## [Work item]
Output exactly the lines below from the one containing "Keep your phone" to the last line, both included. Omit pictures.

## [Source records]
-=-=-=-=-

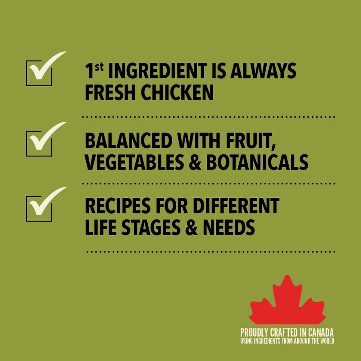 Pollo fresco (20,5%), harina de pollo (20%), lentejas rojas enteras, guisantes verdes enteros, fibra de guisante, menudillos de pollo frescos (hígado, corazón) (5%), harina de pavo (5%), harina de arenque (4%), huevos (4%), platija cruda (4%), garbanzos enteros, lentejas verdes enteras, guisantes amarillos enteros, almidón de guisante, grasa de pollo (1%), aceite de pescado (1%), hígados de pavo crudos (0,5%), sal, algas secas, calabaza fresca entera, calabaza de calabaza entera fresca, zanahorias enteras, manzanas enteras, peras enteras, calabacín fresco. 5%), sal, algas secas, calabaza fresca entera, calabaza fresca entera, zanahorias frescas enteras, manzanas frescas enteras, peras frescas enteras, calabacines frescos enteros, raíz de achicoria seca, col rizada fresca, espinacas frescas, hojas de nabo frescas, hojas de remolacha frescas enteras, arándanos frescos enteros, bayas de saskatoon frescas enteras, cúrcuma, cardo mariano, raíz de bardana, lavanda, raíz de malvavisco, escaramujos.
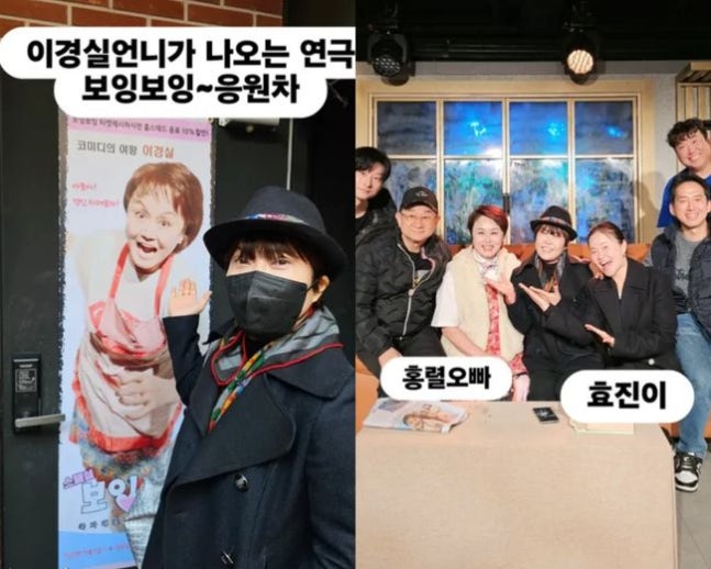 조혜련은 지난 22일 개인 SNS에 "이경실 언니와 정가은이 나오는 연극"이라며 사진과 영상들을 게재했다. 공개된 사진과 영상에는 조혜련이 이홍렬, 김효진 등 절친한 코미디언 동료들과 함께 이경실, 정가은이 출연하는 연극 '스페셜 보잉보잉'을 관람한 모습이 담겼다.
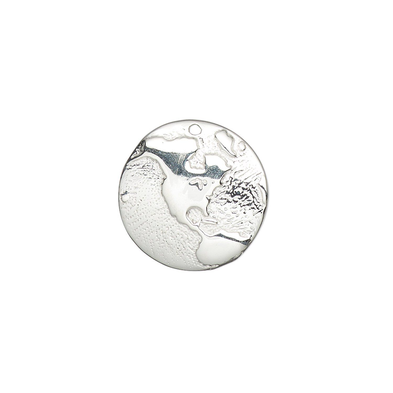 Charm, sterling silver, 17mm single-sided slightly domed round with embossed western hemisphere. Sold individually.
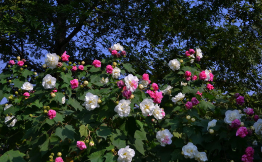 芙蓉花是在晚秋季节开的,颜色和樱花一样的淡雅美丽,因而有诗说其是“千林扫作一番黄,只有芙蓉独自芳”。芙蓉花花期长,开花旺盛,品种多,其花色、花型随品种不同有丰富变化,是一种很好的观花树种。
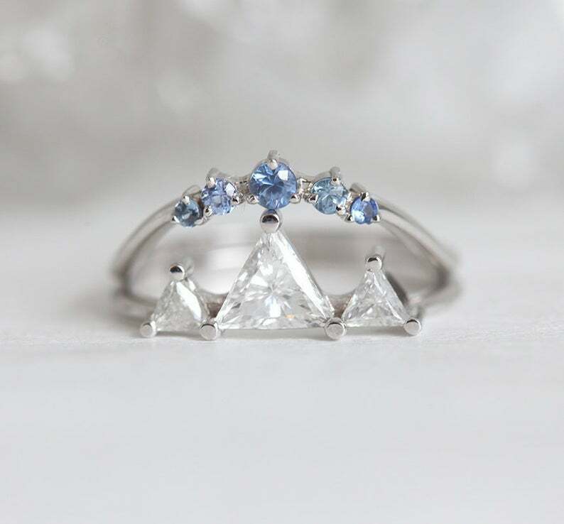 2ct Trillion Cut Diamond Engagement Ring 14k White Gold Over Triangle Split Shank
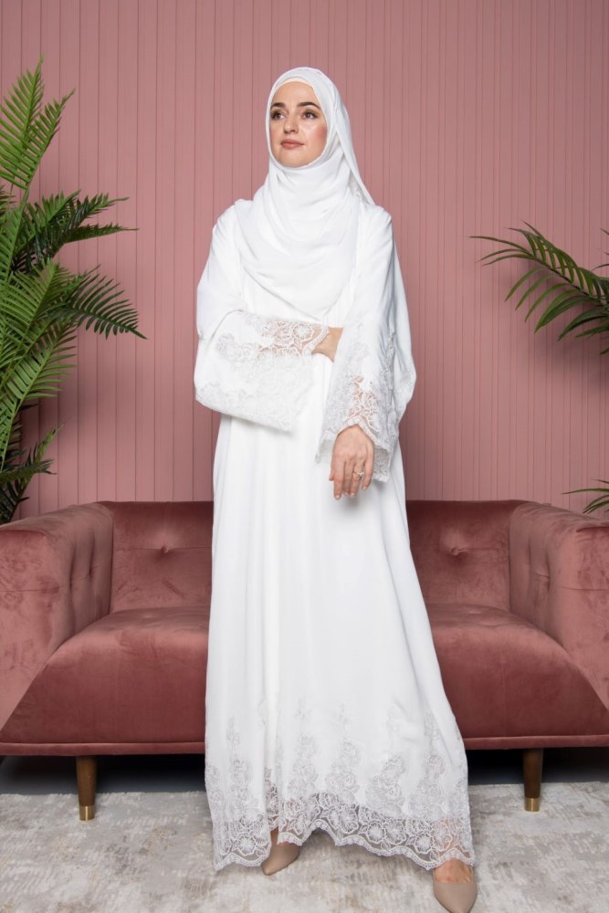 Luna Lace Abaya White
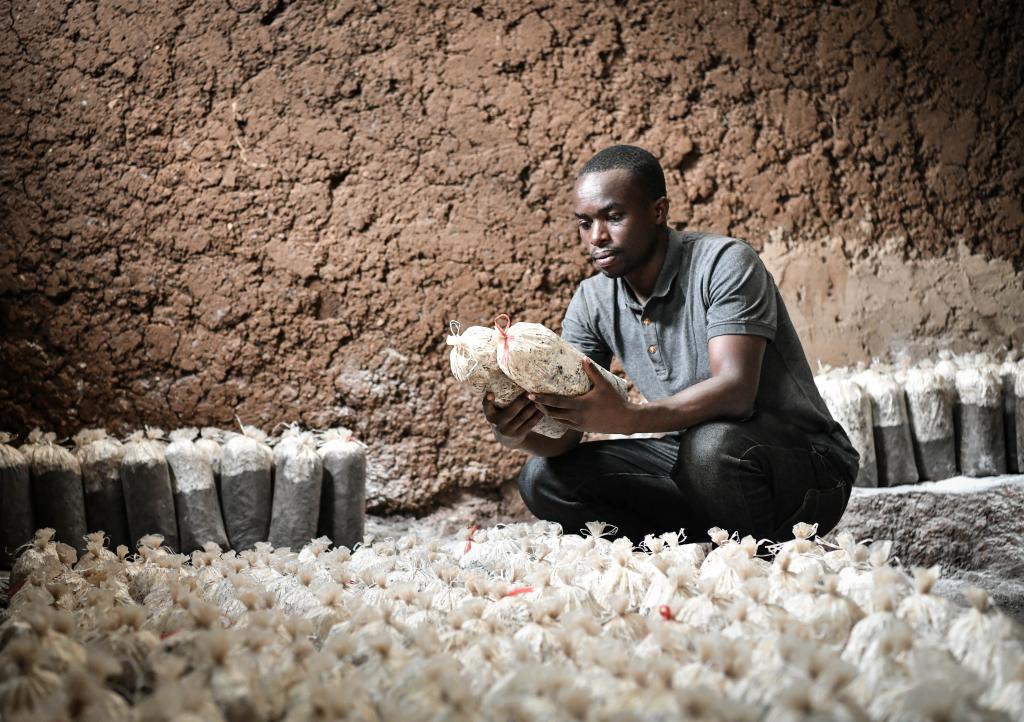 8月14日,在盧旺達(dá)南方省穆漢加區(qū),尼揚(yáng)博·奧貝德在食用菌培育工坊內(nèi)檢查菌袋。曾兩次赴中國進(jìn)行菌草技術(shù)培訓(xùn)的尼揚(yáng)博·奧貝德在南方省和東方省各擁有一家工坊。
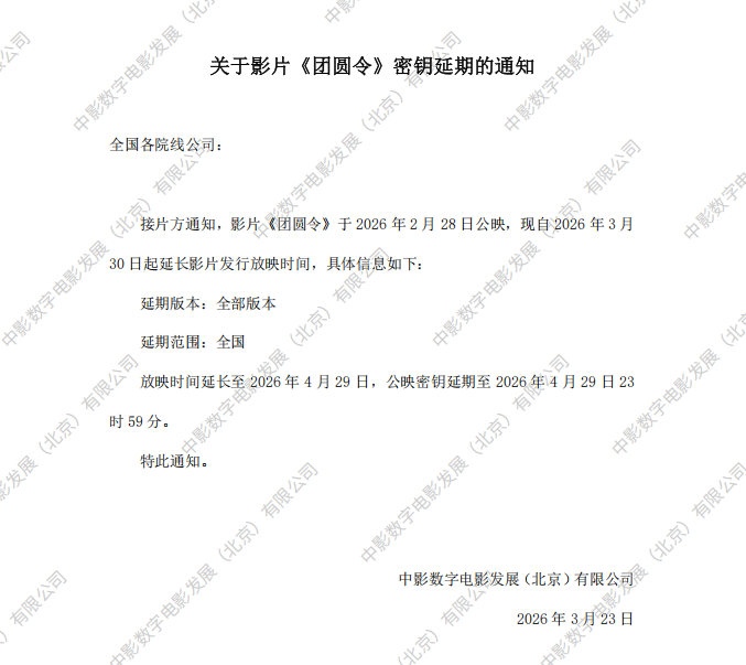 《团圆令》密钥延期的通知
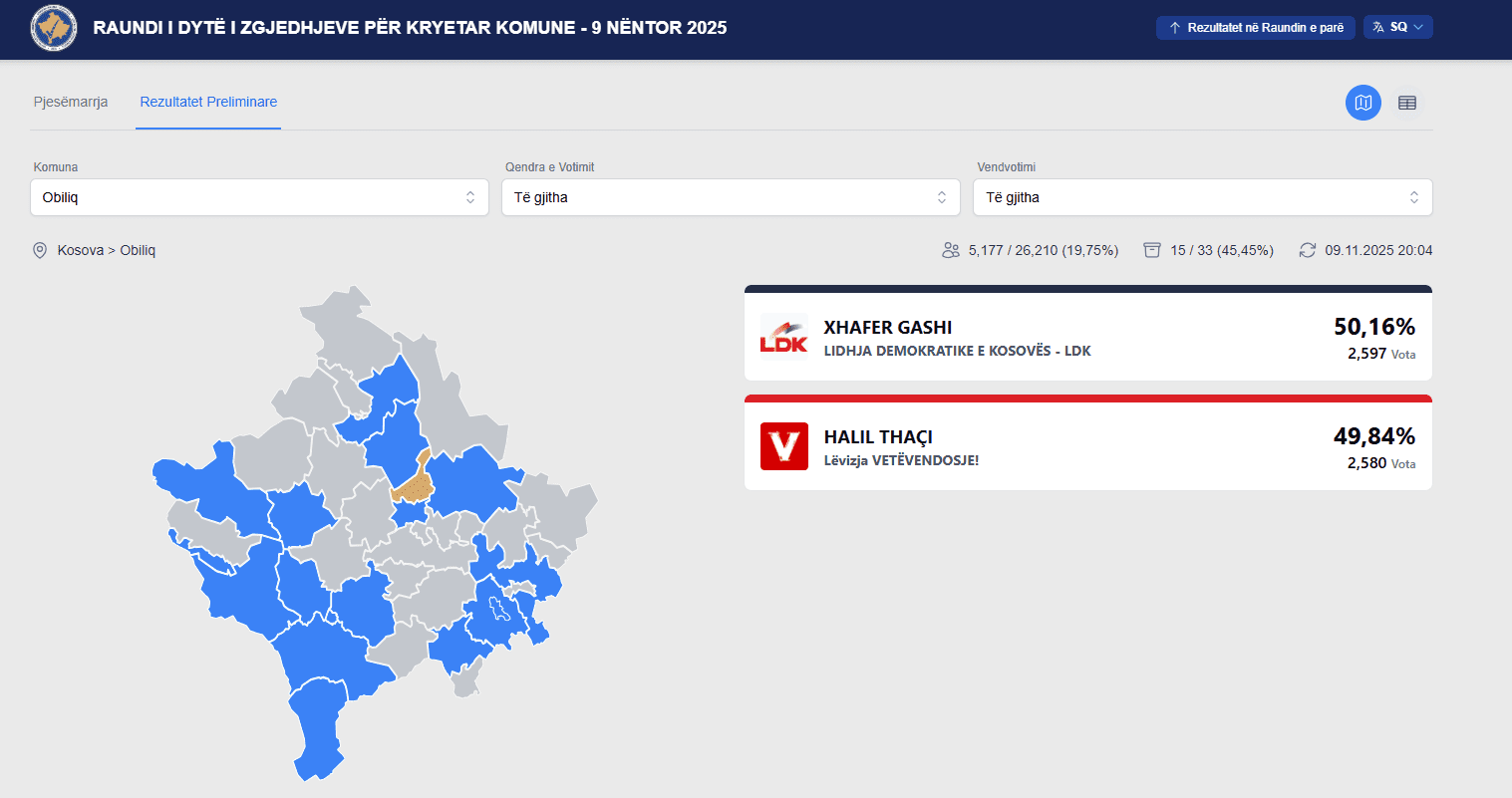 Atje, Xhafer Tahiri i LDK-së po prin me 50.16 përqind, ndërkohë që Halil Thaçi i LVV-së me 49,84 përqind.
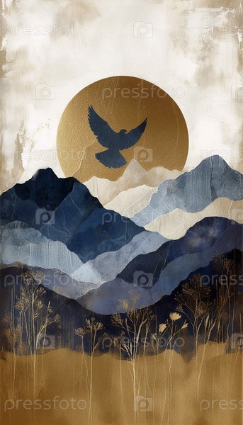Дикая вера в художественную печать гор и летающего голубя, Ай создал изображение
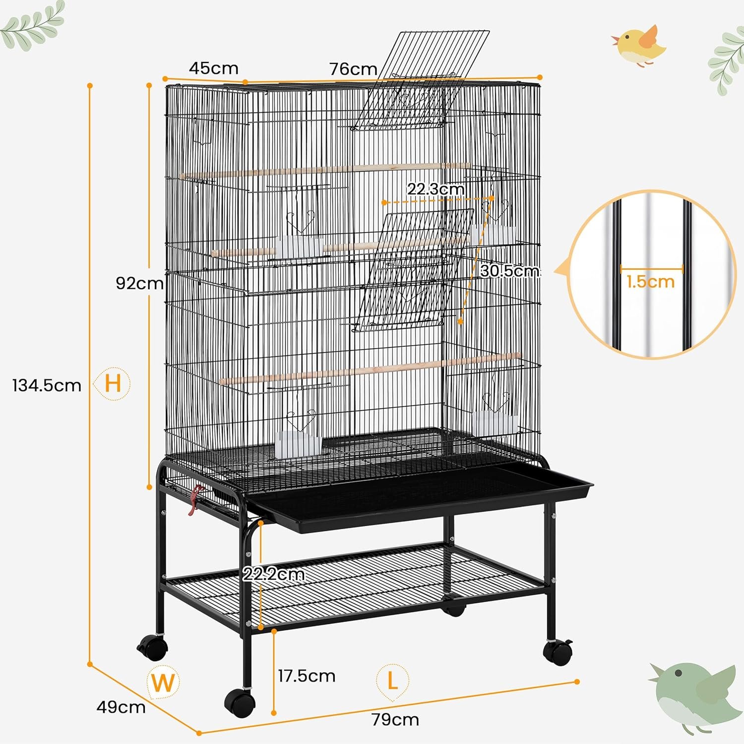 Dieser Vogelkäfig bietet einen gemütlichen und sicheren Lebensraum für Ihre gefiederten Freunde. Mit der Aufstellmaß von 79 cm L × 49 cm B × 134,5 cm H und dem Gitterabstand von 1,1 cm eignet er sich ideal für die kleinen und mittelgroßen Vögel wie Wellensittich, Nymphensittich und dergleichen.
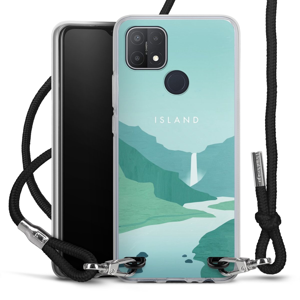 Keep your phone handy at all times, thanks to the flexible silicone case with a textile strap.
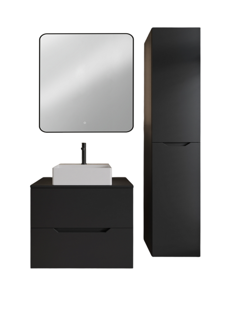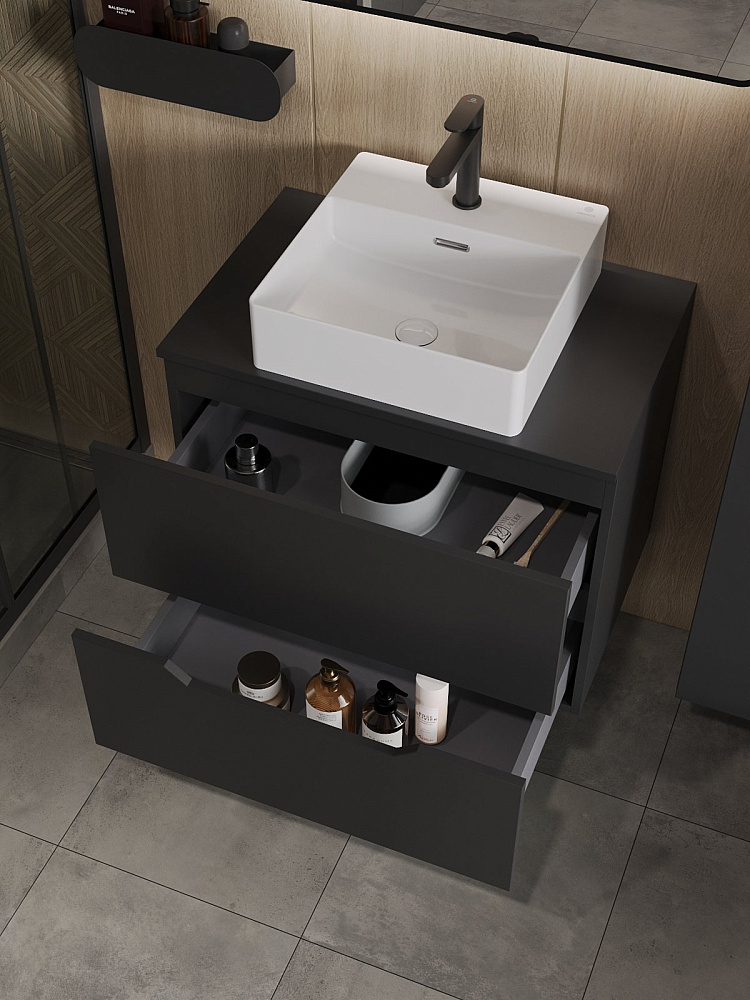 Мебель для ванной комнаты Orange Line 70 подвесная, 2 ящика, матовая черная с раковиной B04-405W

-=-=-=-=-

## [Exercise result]
 Keep your phone handy at all times, thanks to the flexible silicone case with a textile strap.
 Мебель для ванной комнаты Orange Line 70 подвесная, 2 ящика, матовая черная с раковиной B04-405W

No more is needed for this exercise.